(EXERCISE BRIEF)
Copy the lines running from the one that contains "Halloween shirt template" to the end of the entries below, exactly and with no pictures.
[[ INFORMATION GIVEN, beginning ]]
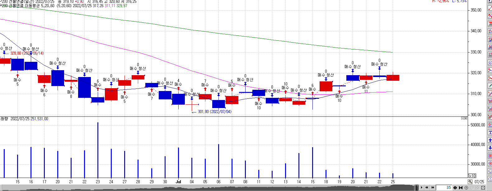 말씀하신 수식으로는 그림과 같이 '매수 후 하루 다음에 매수청산 >> 매수청산 후 하루 다음에 매수' 와 같은 과정이 반복되는데, 혹시 매수 후 매수청산 다음에 같은 영업일 종가에 매수가 진행되고 그 다음 날 또 종가에 매수청산과 동시에 매수가 이루어지는 방식의 반복은 가능할지 여쭈어봅니다
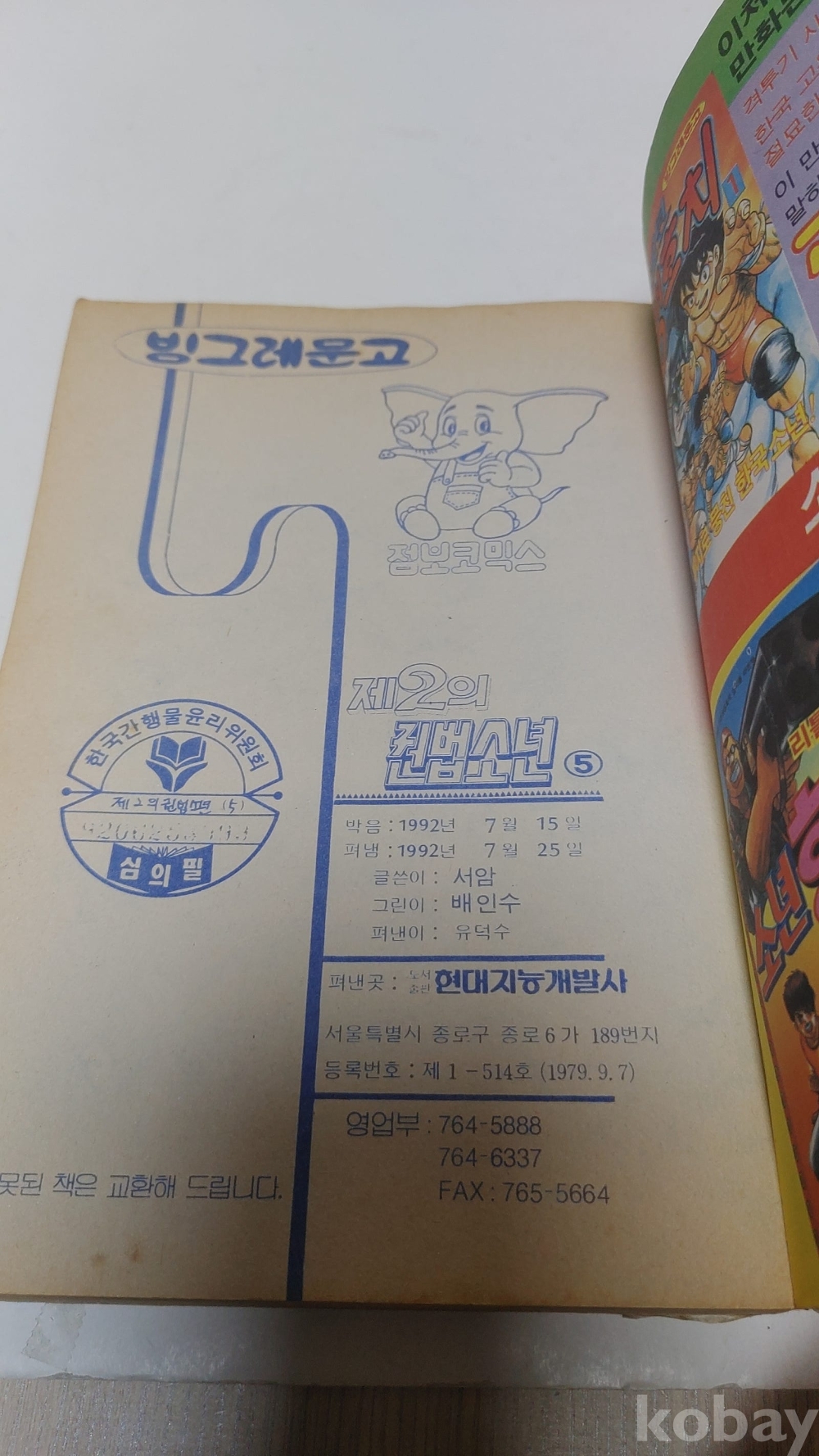 예전 빙그레문고 제2의 권법소년5 만화책 입니다
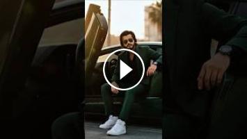 8K ultra-realistic cinematic portrait of a man (same face & beard, 100% match) sitting on the driver's door frame of a dark green Lamborghini with the door open. Cool, confident pose one leg out, arm on steering. Wearing dark green suit, black shirt, white Jordans, and shades. Golden-hour light adds luxury feel. Signature: AN Tech. Keep my face exactly the same. Do not edit my face
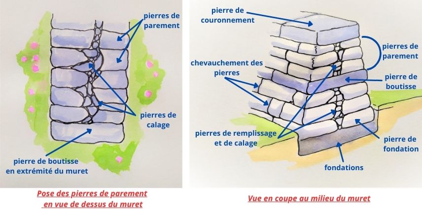 - Attention à ne pas mettre de pierre de calage sur les bords ou en fin de muret ! En effet, celles-ci pourraient bouger dans le temps.
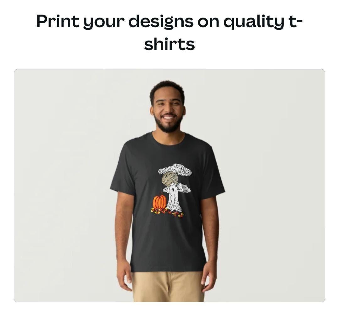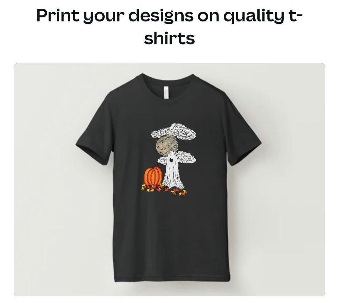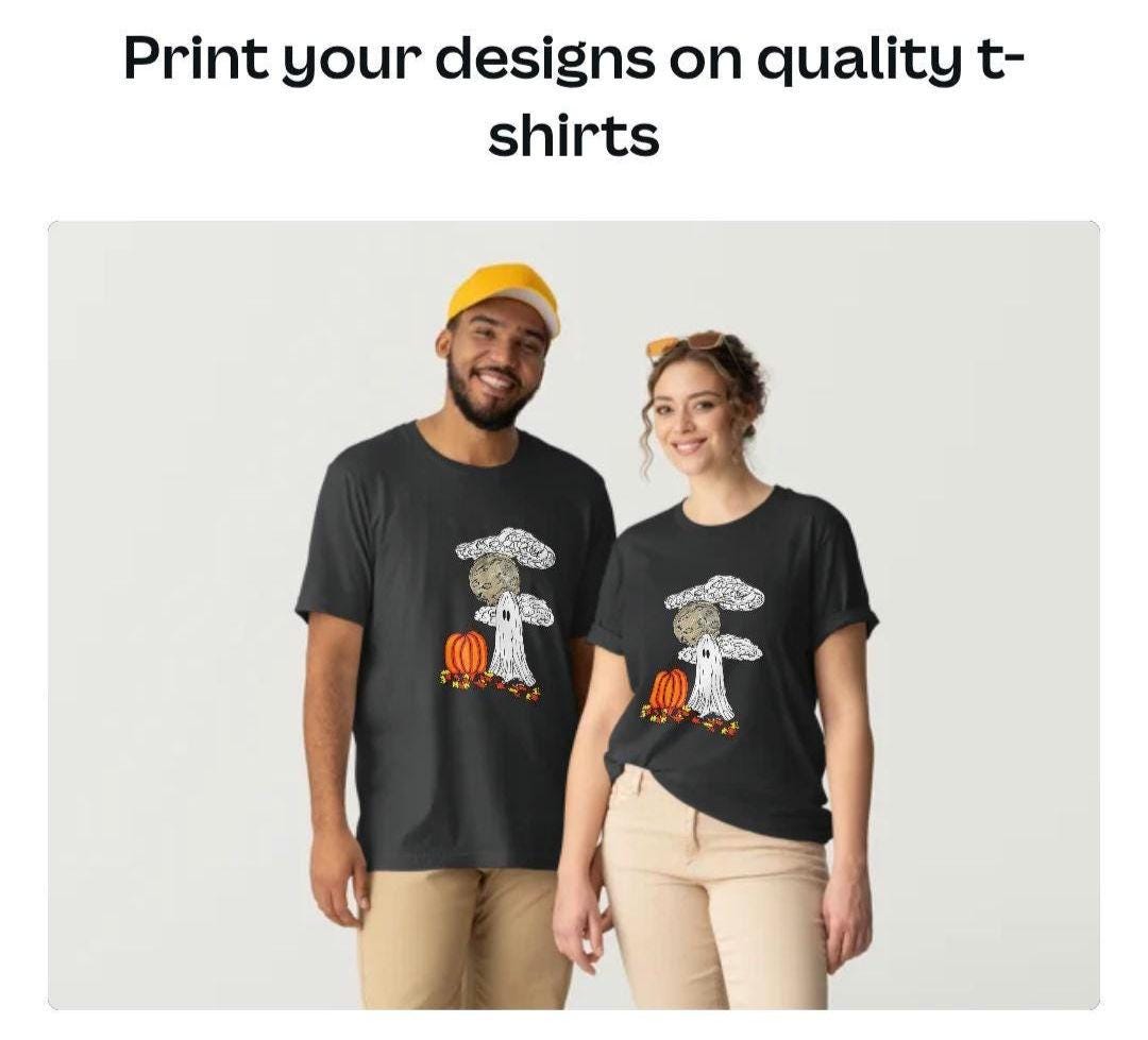 Halloween shirt template in Canva. After purchase, you can order t-shirts through Canva or elsewhere! Purchase includes pdf with template link. Design features ghost, Pumpkin, and Moon.
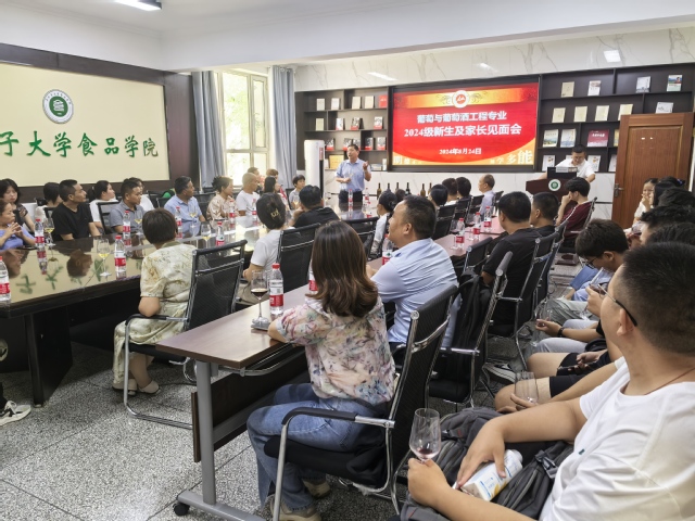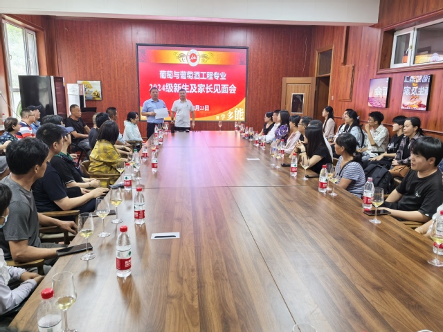 8月23日、24日,在2024级新生报到期间,葡萄与葡萄酒工程系在食品学院主楼108品酒室、220会议室,分两批组织召开了2024级新生及家长见面会,120余位新生家长和新生参加了交流见面,新生班主任、辅导员、葡工系部分老师及2021级、2022级和2023级部分同学参加交流会。刘桂青老师作为学院团委书记及2024级辅导员,首先欢迎新生家长来学院参观交流,并介绍了食品学院的学生管理、社团发展等情况,请与会新生家长放心,学院会全方位指导、管理和培养好学生。
[[ INFORMATION GIVEN, end ]]
(YOUR RESPONSE)
 Halloween shirt template in Canva. After purchase, you can order t-shirts through Canva or elsewhere! Purchase includes pdf with template link. Design features ghost, Pumpkin, and Moon.
 8月23日、24日,在2024级新生报到期间,葡萄与葡萄酒工程系在食品学院主楼108品酒室、220会议室,分两批组织召开了2024级新生及家长见面会,120余位新生家长和新生参加了交流见面,新生班主任、辅导员、葡工系部分老师及2021级、2022级和2023级部分同学参加交流会。刘桂青老师作为学院团委书记及2024级辅导员,首先欢迎新生家长来学院参观交流,并介绍了食品学院的学生管理、社团发展等情况,请与会新生家长放心,学院会全方位指导、管理和培养好学生。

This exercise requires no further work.